3 Principles for inclusive innovation

We have organised this guide according to 5 themes for inclusive innovation

But there are other ways to think about the topic, for example according to these 3 principles:

  1. Equitable, accessible and empowering 
  2. Participative and collaborative 
  3. Regenerative and adaptive

Equitable, accessible and empowering

Ensure fairness, access, and agency across all systems – physical, digital, and social 

Consider: 

  • Inclusive compliance and design:
    Test products/services with diverse groups (socio-economic backgrounds, abilities, regions), align with the Equality Act 2010, and specific accessibility standards where appropriate (e.g., WCAG 2.2 AA for digital tools). 
  • Embed DEI across organisation:
    Integrate diversity, equity, and inclusion into hiring, workplace culture, leadership pipelines, and project cycles (e.g., bias-free recruitment algorithms, mentorship for underrepresented talent, equity audits). 
  • Empower through education and access:
    Train a wide range of people in technical and digital skills (e.g., free coding bootcamps for marginalized groups) and try to make physical spaces accessible for: wheelchair users, blind and neurodiverse people, children and parents. 
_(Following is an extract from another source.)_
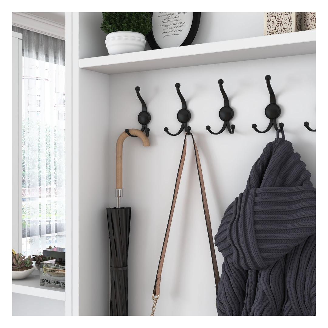 See koridori statiiv, millel on avar sahtli, arvukad riiulid ja mitmeotstarbeline ripphoidik, pakub rohkelt hoiuruumi kõigile teie hädavajalikele asjadele. Hoidke oma võtmed, posti ja muud asjad korrastatult ja hõlpsasti kättesaadavana.

Participative and collaborative

Engage diverse stakeholders in collective visions and problem-solving, embedding shared needs and ownership across physical, digital, and social systems. 

Consider: 

  • Co-design with communities:
    Include people in the design process who are affected by changes in open innovation challenges (physical: community-led site redevelopment, digital: open data and open-source software development, social: participatory budgeting). 
  • Leverage inclusive platforms:
    Create tools for cross-sector collaboration (physical: crowdsourced maps, digital: collaborative coding platforms, social: multicultural advisory boards). 
  • Foster shared ownership:
    Build transparent governance models (physical: cooperative housing, digital: decentralized blockchain networks, social: community-managed public spaces). 

Regenerative and adaptive 

Create systems that heal societies and ecosystems, while flexibly adapting to change. 

Consider: 

  • Feedback loops for adaptive resilience:
    Include ways to send and receive feedback, commit to continuous learning and reviewing latest insights or data throughout a project, plan in opportunities to review and make changes.
  • Key regenerative focus areas:
    Good health, education, and social connections will always help people to do more for themselves. And the basics of healthy soil, unpolluted air, and clean water play essential roles in creating conditions for life. So improvements in any of these areas will lead to impact that multiplies over time. 
  • Circular principles for lasting impact:
    Embed zero-waste production (physical), reusable code (digital), and share, reuse, recycle, repair within communities (social).